BOMEntry defines this field as category, not type. Mismatched column names cause validation failures.

Suggested change

"Reformat this table to have four columns: item, quantity, type, and notes.",

"Reformat this table to have four columns: item, quantity, category, and notes.",

ajbozarth · 2026-05-05T21:58:18Z

+        if is_material_list(m, table_markdown=table.to_markdown()) == "yes":
+            bom_routines.append(m.ainstruct(..., format=BOM))
+
+    bom_thunks: list[ModelOutputThunk] = [await r for r in bom_routines]


This awaits each coroutine in series.

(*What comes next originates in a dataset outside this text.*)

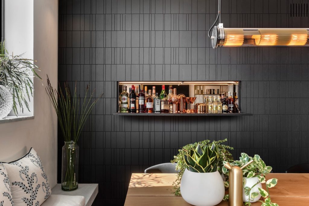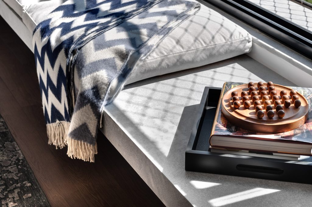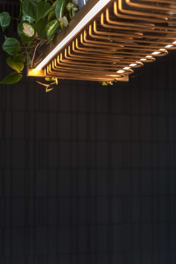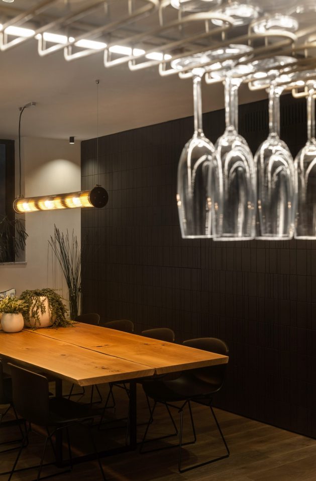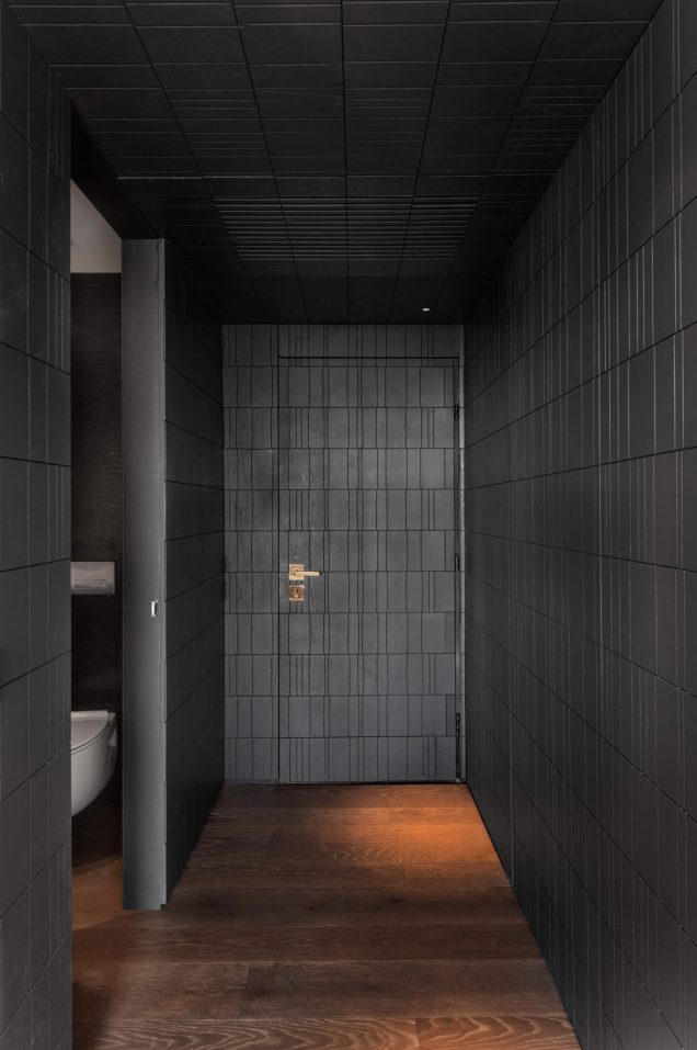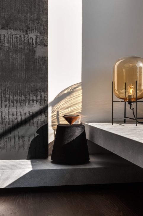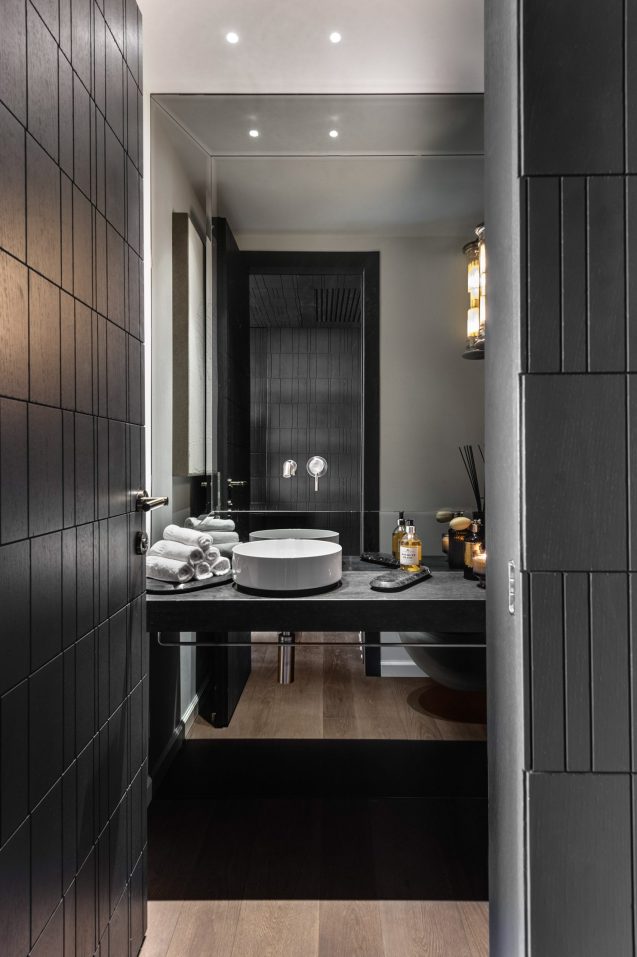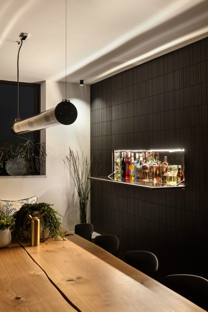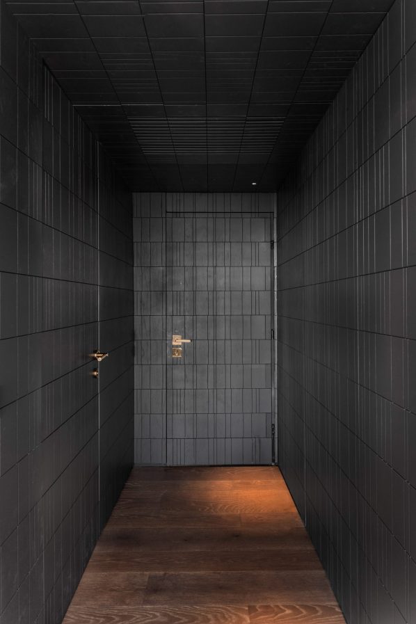 Linear geometric in the modularizations, the materials and the different ways they are presented, based on careful consideration and their emphasis using light and shade. Only natural materials emphasizing the strengths of the natural materials used. Thus, the interior presents itself as minimalist but very warm, with clean lines and forms based on precision and careful tuning of the fine details.

The "wall-clock scales with the slowest table" claim on line 224 only holds with asyncio.gather.

Suggested change

bom_thunks: list[ModelOutputThunk] = [await r for r in bom_routines]

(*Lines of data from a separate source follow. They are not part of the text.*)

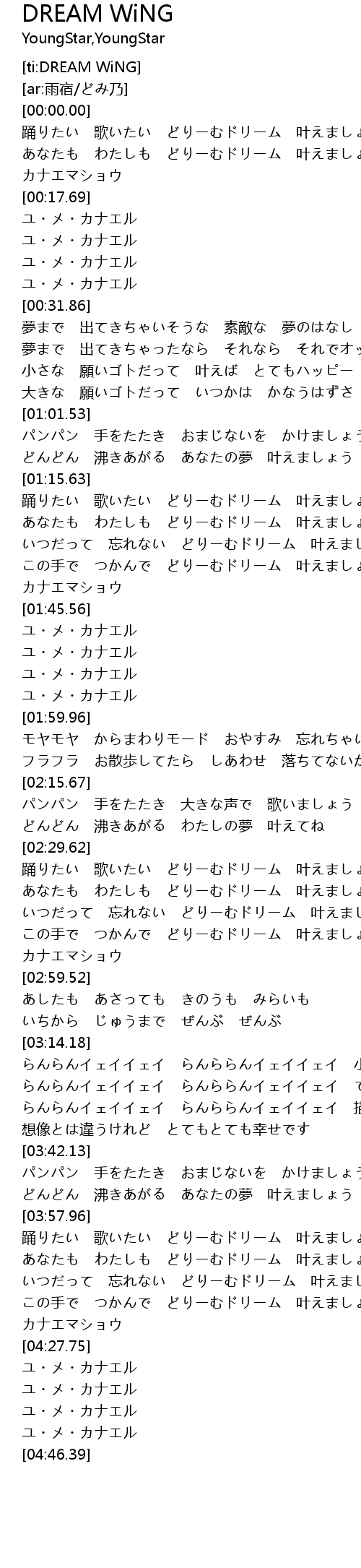 | [03:58.34] | 踊りたい 歌いたい どりーむドリーム 叶えましょう |
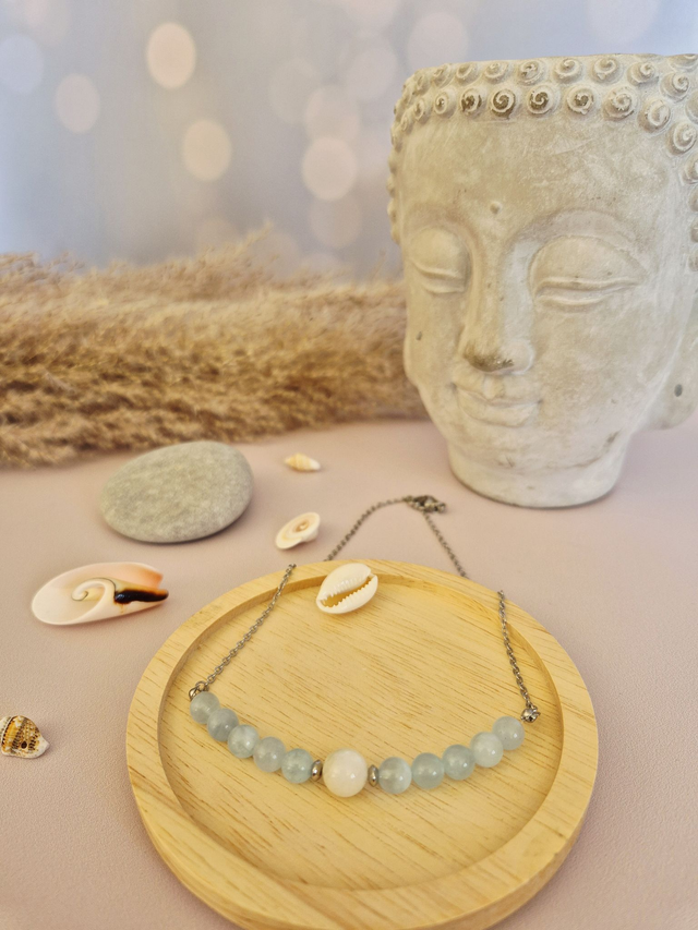 Plonge dans la douceur du lagon avec le collier BORA BORA, une création délicate et lumineuse en pierres naturelles.
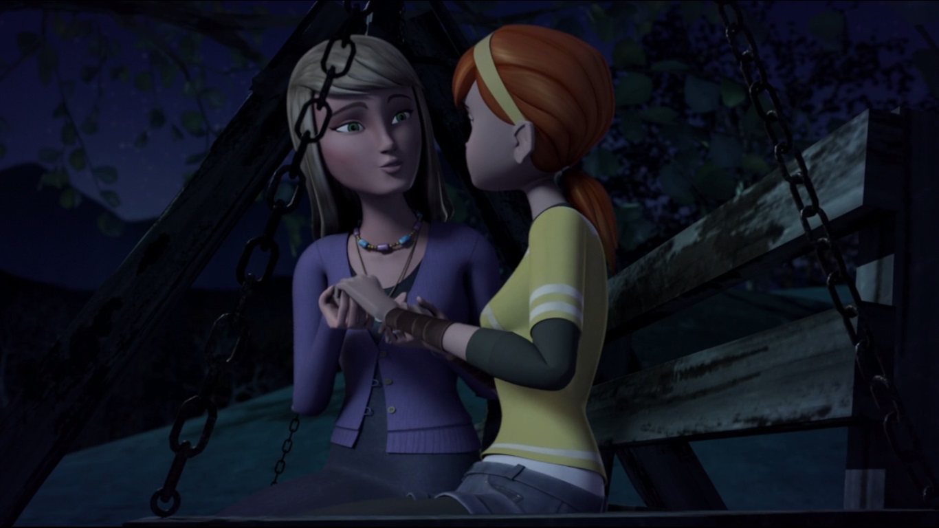 Saison 3 épisode 3 - Buried secretsLa mère d’April était restée à l’extérieur, observant les bois. Sa fille la rejoignait, désolée de ce qu’il venait de se passer. Elle refusait de quitter les tortues, malgré les supplications de sa mère.

bom_thunks: list[ModelOutputThunk] = await asyncio.gather(*bom_routines)

ajbozarth · 2026-05-05T21:58:18Z

+question, and context relevance drops to around 0.5 (a pricing document
+about construction, but not the right one) while answerability correctly
+collapses to "unanswerable." Frontier model logits don't give you this.


check_context_relevance returns a categorical string ("relevant", "irrelevant", or "partially relevant"), not a float.

Suggested change

question, and context relevance drops to around 0.5 (a pricing document

about construction, but not the right one) while answerability correctly

collapses to "unanswerable." Frontier model logits don't give you this.

question, and context relevance comes back `"partially relevant"` (a pricing document

about construction, but not the right one) while answerability correctly

collapses to `"unanswerable"`. Frontier model logits don't give you this.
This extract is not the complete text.